Work instruction:
Start at the line with "В комплекте: двусторонняя" and print every line through the end of the material below. Keep it exact and free of pictures.

Supplied data:
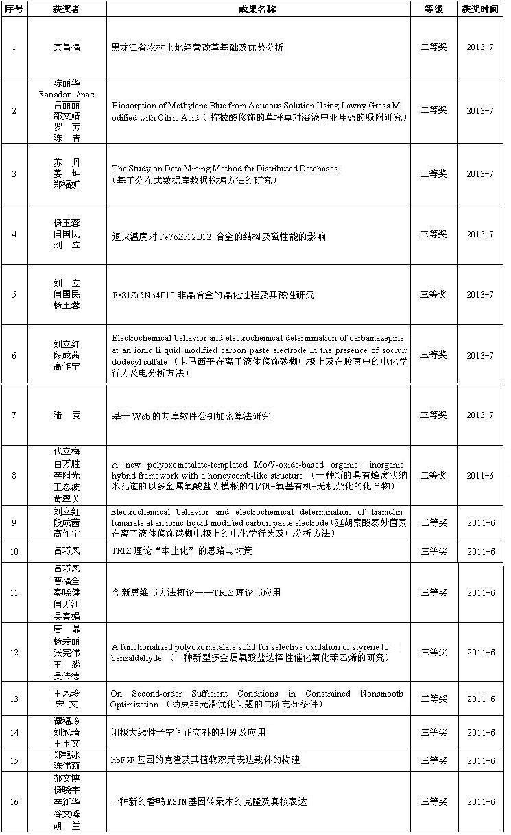 黑龙江省自然科学技术学术成果奖
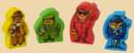 В комплекте: двусторонняя карточка «парк» (1 шт.); квадратные карточки (игровое поле) (23 шт.); карты с заданиями (23 шт.); карты агентов (4 набора по три карты); деревянные фигурки секретных агентов (4 шт.); правила игры.
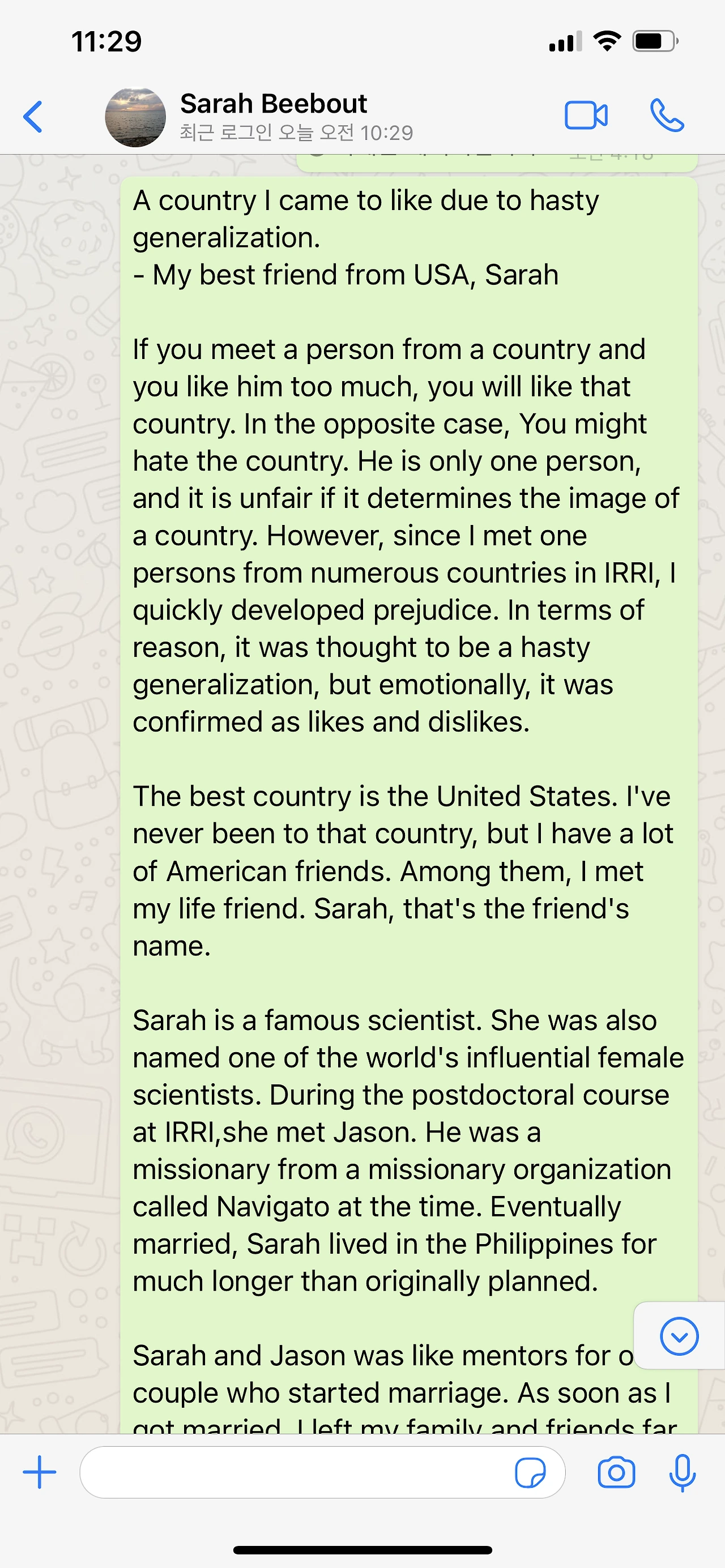‘문화 망망대해에서 표류하기’의 ‘ 성급한 일반화로 사랑하게 된 나라’ 편에 등장한 내 베프 사라에게도 글을 보내주었다. 파파고의 도움을 받아 글을 영어로 번역했다.
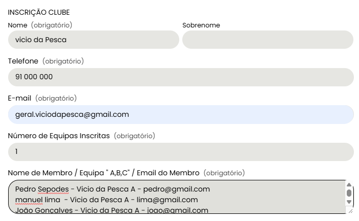 INCRIÇÃO CLUBES

Answer space:
 В комплекте: двусторонняя карточка «парк» (1 шт.); квадратные карточки (игровое поле) (23 шт.); карты с заданиями (23 шт.); карты агентов (4 набора по три карты); деревянные фигурки секретных агентов (4 шт.); правила игры.
‘문화 망망대해에서 표류하기’의 ‘ 성급한 일반화로 사랑하게 된 나라’ 편에 등장한 내 베프 사라에게도 글을 보내주었다. 파파고의 도움을 받아 글을 영어로 번역했다.
 INCRIÇÃO CLUBES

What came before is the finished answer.